TASK DETAILS.
Reproduce the listing below exactly, except for its pictures.

PROVIDED DATA.

-- Opening Marker --

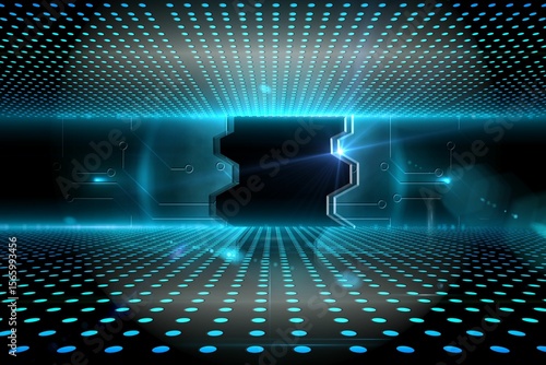 © vectorfusionart, Naklejka premium Doorway on technological glowing background
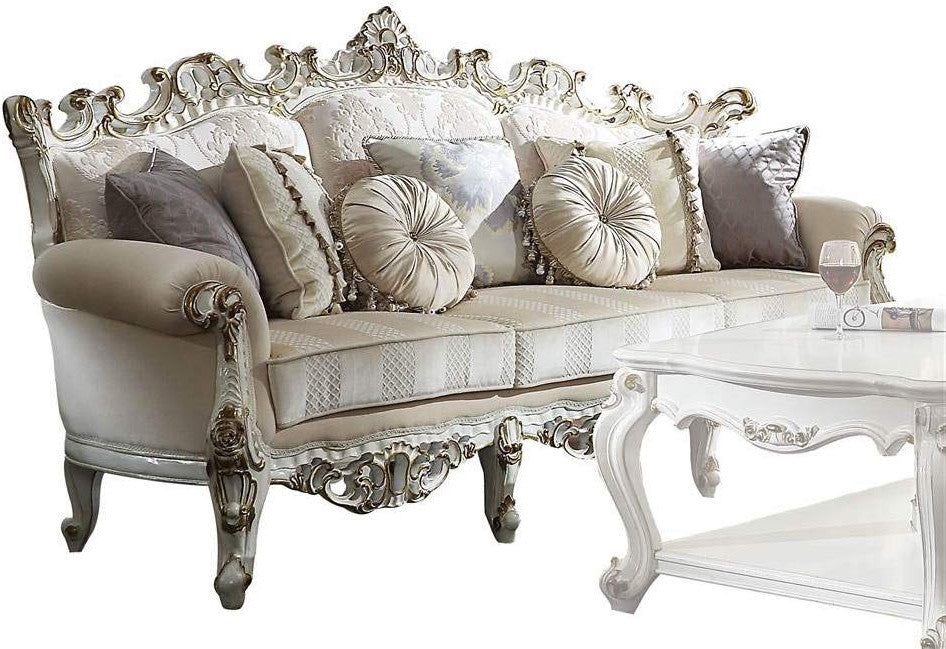 36" X 84" X 45" Fabric Antique Pearl Upholstery Poly-Resin Sofa w7 Pillows
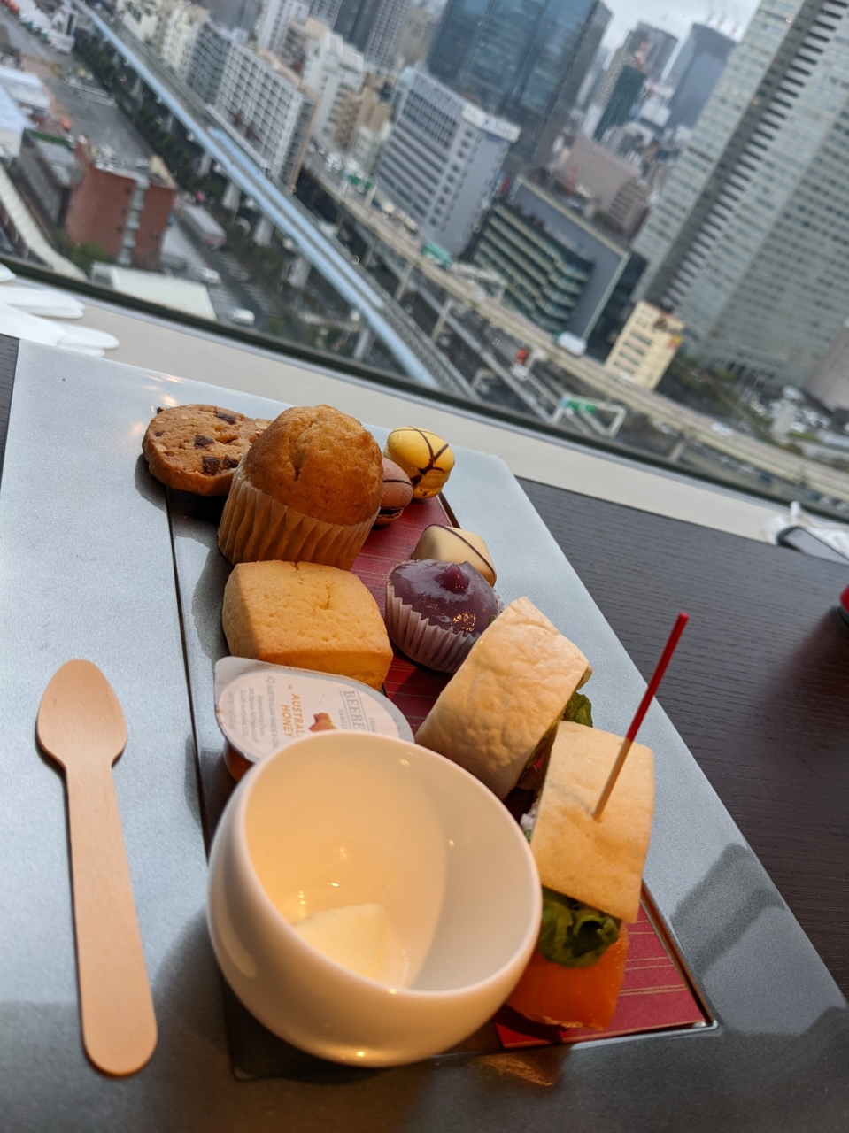 クラブフロアではラウンジでウェルカムスイーツと景色(残念ながら雨)を堪能し、お部屋へチェックイン。

-- Closing Marker --

EXERCISE RESPONSE.
 © vectorfusionart, Naklejka premium Doorway on technological glowing background
 36" X 84" X 45" Fabric Antique Pearl Upholstery Poly-Resin Sofa w7 Pillows
 クラブフロアではラウンジでウェルカムスイーツと景色(残念ながら雨)を堪能し、お部屋へチェックイン。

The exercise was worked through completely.